**Aim of the exercise**
Using the data below, return word for word every line from the one holding "ローターボルトは収まりのいい" down to the one holding "Erythema 4.62E-6 UV-Index". Leave pictures out.
Top of Available data
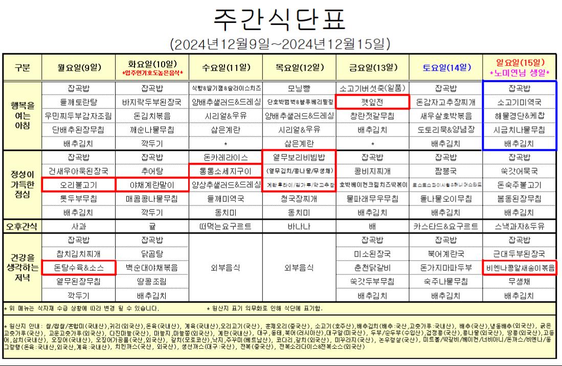 12¿ù 2°ÁÖ ½Ä´ÜÇ¥ÀÔ´Ï´Ù.
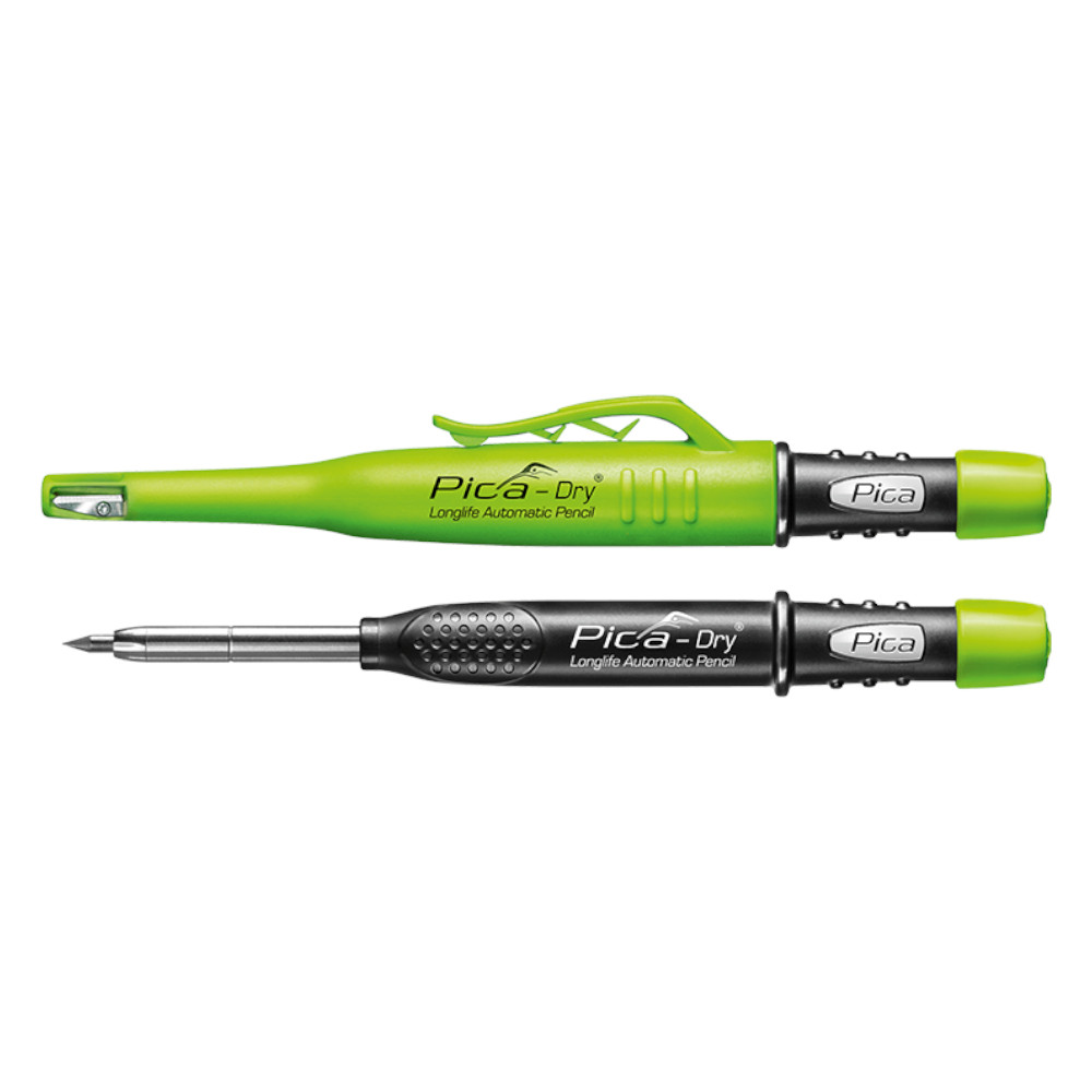 Het PICA DRY Markeerpotlood is een potloodstift met vaste vulling, waarbij de vulling automatisch naar buiten schuift. De stift heeft een grote huls met een geïntegreerde slijper, ideaal voor markeringen op alle materialen, zelfs op uitdagende oppervlakken zoals stoffige, ruwe, olieachtige, vochtige, donkere en met silicone bedekte oppervlakken.
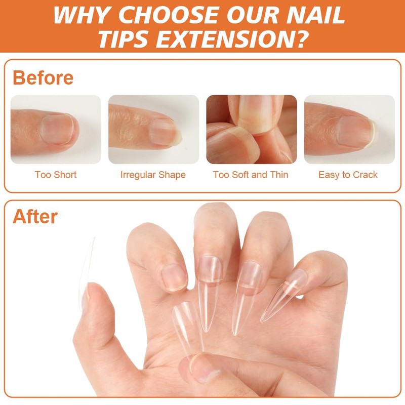 BUTBU Long Almond Nail Tips, 120PCS Soft Gel Full Cover Nail-Tip, Press on Fase Artificial Nails Tips, Clear Acrylic Nails Tips, 12 Sizes NAIL Extensions Kit for DIY Manicure Nail Art Salon
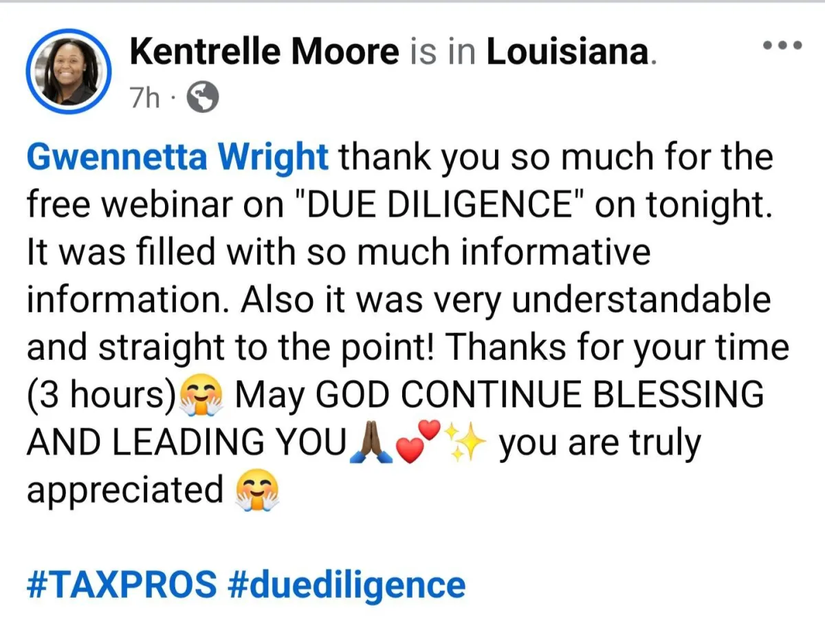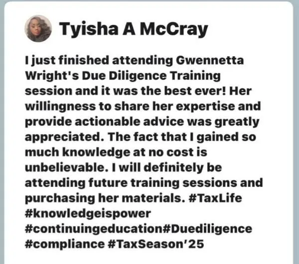 If you're a tax professional, you should definitely consider joining the Gwennetta Wright group. It's a fantastic resource where you can keep learning-she is always sharing new insights and teaching something valuable. Remember, due diligence audits are not to be taken lightly, and I've learned so much from her. Stay open-minded: while you can learn from anyone, it's important to learn from the right person.
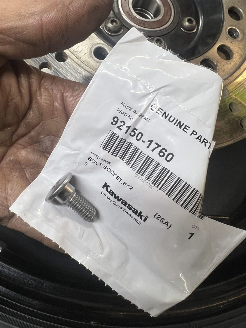 ローターボルトは収まりのいいこちらのカワサキ純正品に変更します。首下長さは20ミリです。
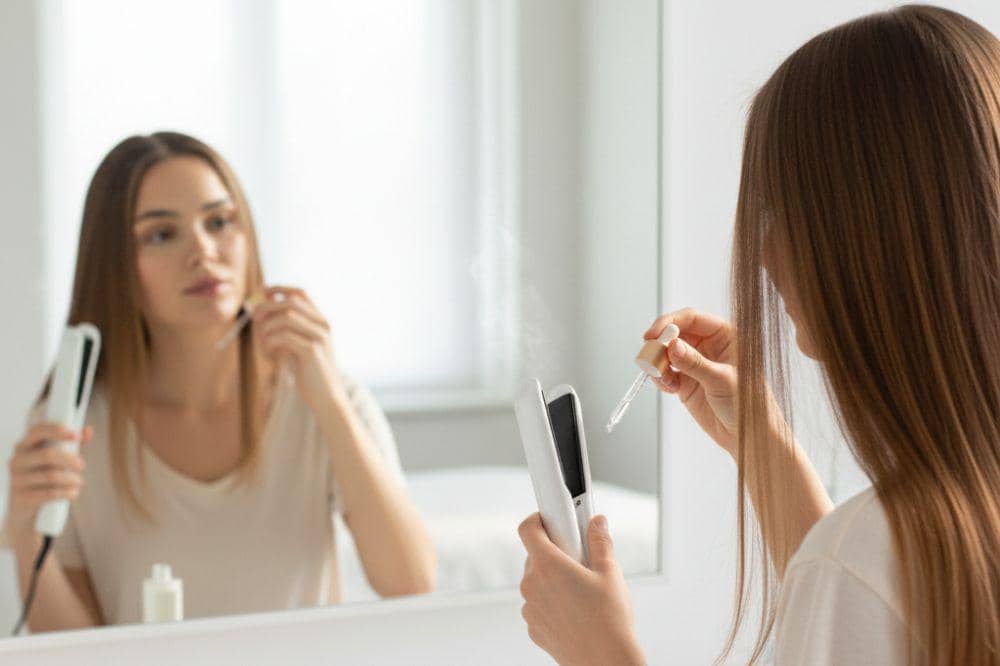 Hair serum juga berfungsi sebagai pelindung panas. Jika Mama sering menggunakan hair dryer, catokan, atau curling iron, aplikasikan serum sebelum styling untuk membentuk lapisan pelindung pada batang rambut. Lapisan ini membantu mengurangi kerusakan akibat suhu tinggi dan menjaga rambut tetap sehat.
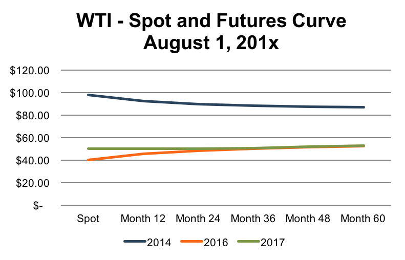 To break down the significant change over the previous three years, the chart below shows the 2014, 2016, and 2017 WTI futures curve for 24 months and the spread between Month 1 and Month 24. Positive spread indicates backwardation, while negative spread indicates contango.
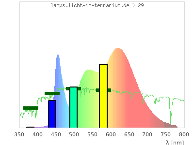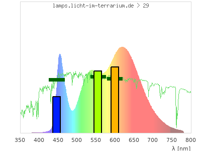 Erythema 4.62E-6 UV-Index Pyrimidine dimerization of DNA 0 µW/cm² Photoceratitis 0 µW/cm² Photoconjunctivitis 0 µW/cm² DNA Damage 0 Vitamin D3 0 µW/cm² Photosynthesis 115 µW/cm² Luminosity 551 lx Human L-Cone 85.3 µW/cm² Human M-Cone 62.8 µW/cm² Human S-Cone 22.5 µW/cm² CIE X 81.1 µW/cm² CIE Y 76.7 µW/cm² CIE Z 44.9 µW/cm² PAR PPFD 8.25 µmol/m²/s Extinction preD3 0 e-3*m²/mol Extinction Tachysterol 0 e-3*m²/mol Exctincition PreD3 0 m²/mol Extinction Lumisterol 0 m²/mol Exctincition Tachysterol 0 m²/mol Extinction 7DHC 0 m²/mol L-Cone 76.7 µW/cm² M-Cone 49.2 µW/cm² S-Cone 33 µW/cm² U-Cone 0.563 µW/cm² UVR - ICNIRP 2004 2.97E-6 Rel Biol Eff Melatonin Supression 34 µW/cm² Blue Light Hazard 23.3 µW/cm² (42.3 µW/cm² per 1000 lx) CIE 174:2006 PreVit D3 0 µW/cm² Lumen Reptil 418 "pseudo-lx" Vitamin D3 Degradation 0 µW/cm² Actinic UV 2.96E-6 µW/cm² (5.37E-5 mW/klm) Exctincition Lumisterol 0 m²/mol Exctincition 7DHC 0 m²/mol Exctincition Toxisterols 0 m²/mol
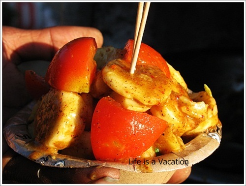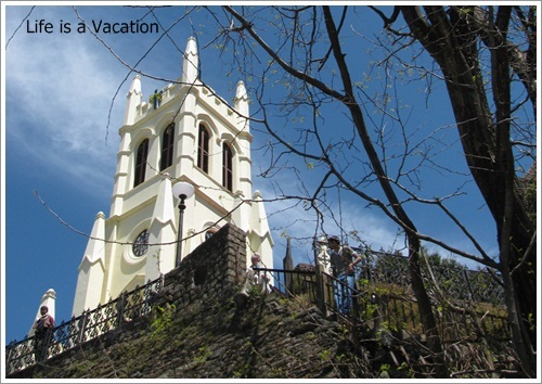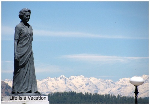 I started off with a bowl of fruit chat which was a combination of bananas, tomatoes, cucumber and apple amply peppered with chilly, lime juice and some exotic Indian spice. The street side vendor was proud of his mix and showed off his skills while I waited for my bite. He was absolutely right, the spicy sweet taste was quite an experience. A little further, the statue of India’s first woman prime minister pointed to the wonderful view of the snow clad mountains while old and young in colorful attire were enjoying the sunshine in front of the town hall. I went in and out of shops on the mall admiring the shawls, stoles and woolens and stood mesmerized by the church on the upper level before settling down with snacks and coffee in the decades old Indian Coffee House.
Bottom of Available data
**Expected output**
 ローターボルトは収まりのいいこちらのカワサキ純正品に変更します。首下長さは20ミリです。
 Hair serum juga berfungsi sebagai pelindung panas. Jika Mama sering menggunakan hair dryer, catokan, atau curling iron, aplikasikan serum sebelum styling untuk membentuk lapisan pelindung pada batang rambut. Lapisan ini membantu mengurangi kerusakan akibat suhu tinggi dan menjaga rambut tetap sehat.
 To break down the significant change over the previous three years, the chart below shows the 2014, 2016, and 2017 WTI futures curve for 24 months and the spread between Month 1 and Month 24. Positive spread indicates backwardation, while negative spread indicates contango.
 Erythema 4.62E-6 UV-Index Pyrimidine dimerization of DNA 0 µW/cm² Photoceratitis 0 µW/cm² Photoconjunctivitis 0 µW/cm² DNA Damage 0 Vitamin D3 0 µW/cm² Photosynthesis 115 µW/cm² Luminosity 551 lx Human L-Cone 85.3 µW/cm² Human M-Cone 62.8 µW/cm² Human S-Cone 22.5 µW/cm² CIE X 81.1 µW/cm² CIE Y 76.7 µW/cm² CIE Z 44.9 µW/cm² PAR PPFD 8.25 µmol/m²/s Extinction preD3 0 e-3*m²/mol Extinction Tachysterol 0 e-3*m²/mol Exctincition PreD3 0 m²/mol Extinction Lumisterol 0 m²/mol Exctincition Tachysterol 0 m²/mol Extinction 7DHC 0 m²/mol L-Cone 76.7 µW/cm² M-Cone 49.2 µW/cm² S-Cone 33 µW/cm² U-Cone 0.563 µW/cm² UVR - ICNIRP 2004 2.97E-6 Rel Biol Eff Melatonin Supression 34 µW/cm² Blue Light Hazard 23.3 µW/cm² (42.3 µW/cm² per 1000 lx) CIE 174:2006 PreVit D3 0 µW/cm² Lumen Reptil 418 "pseudo-lx" Vitamin D3 Degradation 0 µW/cm² Actinic UV 2.96E-6 µW/cm² (5.37E-5 mW/klm) Exctincition Lumisterol 0 m²/mol Exctincition 7DHC 0 m²/mol Exctincition Toxisterols 0 m²/mol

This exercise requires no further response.